- **WHAT YOU ARE ASKED TO DO**:
Give back the data exactly, with no images.
[TASK INPUT — start]
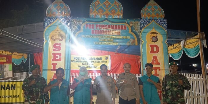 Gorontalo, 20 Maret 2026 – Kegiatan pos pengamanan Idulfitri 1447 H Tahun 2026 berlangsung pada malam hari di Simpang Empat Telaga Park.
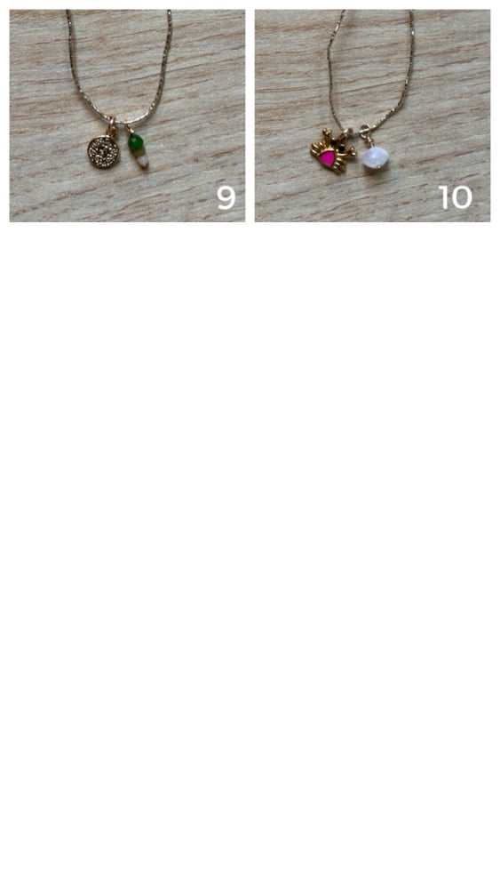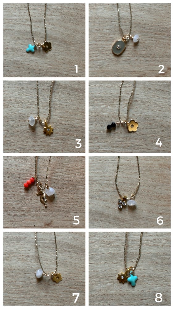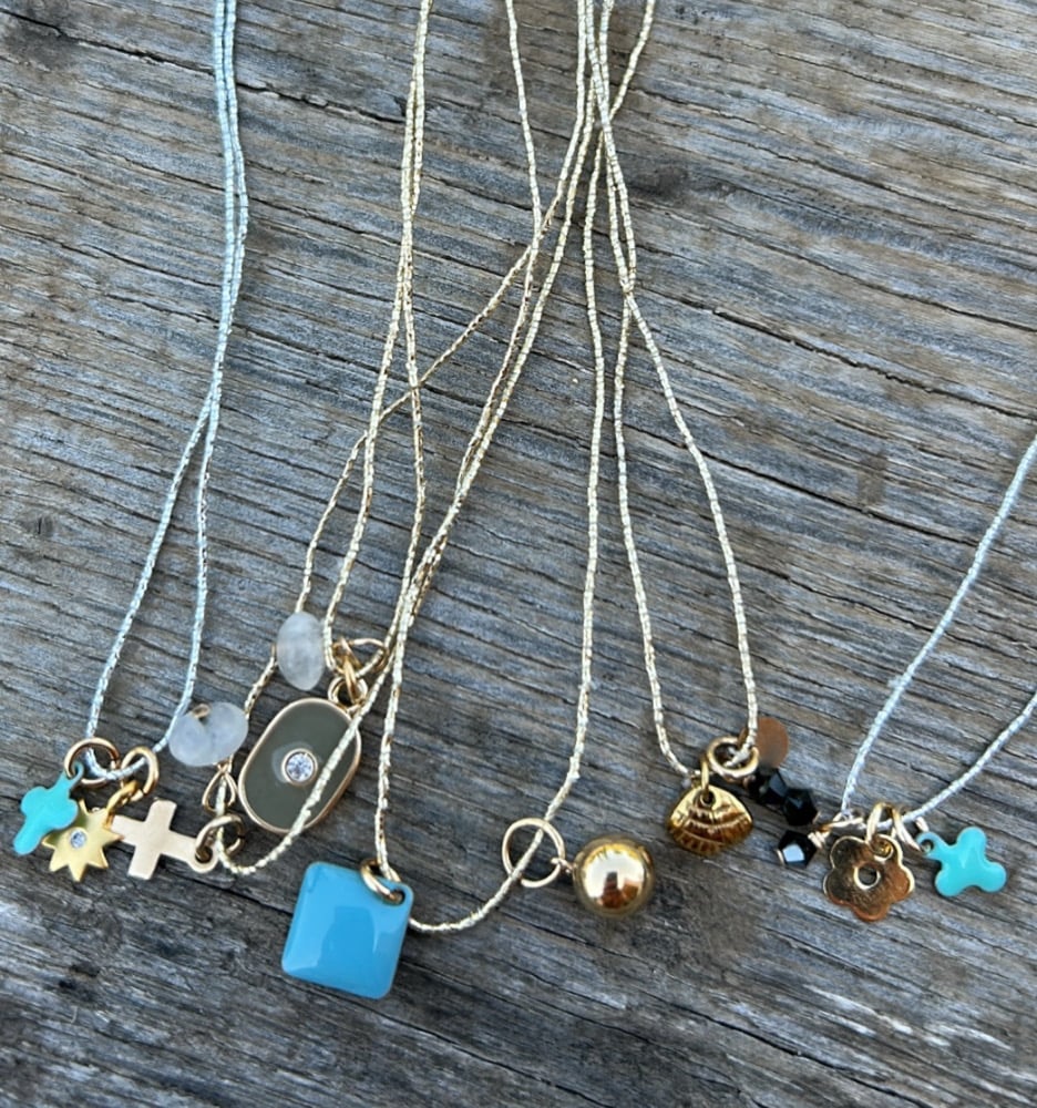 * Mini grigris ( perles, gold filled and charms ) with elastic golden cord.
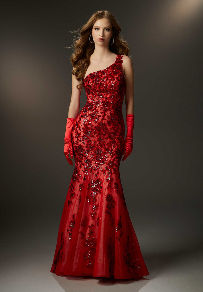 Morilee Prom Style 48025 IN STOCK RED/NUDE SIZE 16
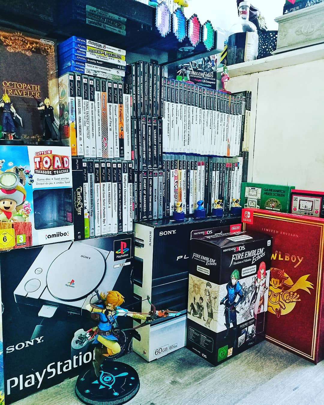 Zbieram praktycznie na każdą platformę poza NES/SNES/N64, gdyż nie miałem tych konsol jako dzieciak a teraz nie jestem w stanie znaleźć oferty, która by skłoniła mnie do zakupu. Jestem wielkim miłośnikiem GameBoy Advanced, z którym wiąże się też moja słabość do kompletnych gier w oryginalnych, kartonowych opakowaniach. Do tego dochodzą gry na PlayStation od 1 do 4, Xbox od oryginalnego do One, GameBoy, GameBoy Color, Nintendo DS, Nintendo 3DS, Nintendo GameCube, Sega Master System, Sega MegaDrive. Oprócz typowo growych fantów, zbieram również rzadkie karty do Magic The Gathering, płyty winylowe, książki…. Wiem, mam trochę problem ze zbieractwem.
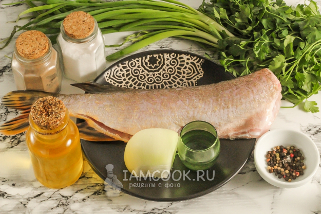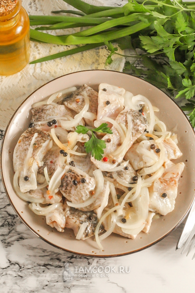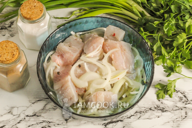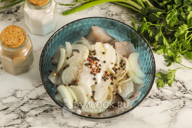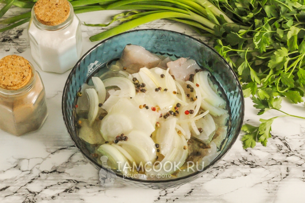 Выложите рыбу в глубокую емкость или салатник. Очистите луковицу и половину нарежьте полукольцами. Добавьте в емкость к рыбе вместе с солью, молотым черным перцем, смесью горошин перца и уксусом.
[TASK INPUT — finish]
- **EXERCISE RESULT**:
 Gorontalo, 20 Maret 2026 – Kegiatan pos pengamanan Idulfitri 1447 H Tahun 2026 berlangsung pada malam hari di Simpang Empat Telaga Park.
 * Mini grigris ( perles, gold filled and charms ) with elastic golden cord.
 Morilee Prom Style 48025 IN STOCK RED/NUDE SIZE 16
 Zbieram praktycznie na każdą platformę poza NES/SNES/N64, gdyż nie miałem tych konsol jako dzieciak a teraz nie jestem w stanie znaleźć oferty, która by skłoniła mnie do zakupu. Jestem wielkim miłośnikiem GameBoy Advanced, z którym wiąże się też moja słabość do kompletnych gier w oryginalnych, kartonowych opakowaniach. Do tego dochodzą gry na PlayStation od 1 do 4, Xbox od oryginalnego do One, GameBoy, GameBoy Color, Nintendo DS, Nintendo 3DS, Nintendo GameCube, Sega Master System, Sega MegaDrive. Oprócz typowo growych fantów, zbieram również rzadkie karty do Magic The Gathering, płyty winylowe, książki…. Wiem, mam trochę problem ze zbieractwem.
 Выложите рыбу в глубокую емкость или салатник. Очистите луковицу и половину нарежьте полукольцами. Добавьте в емкость к рыбе вместе с солью, молотым черным перцем, смесью горошин перца и уксусом.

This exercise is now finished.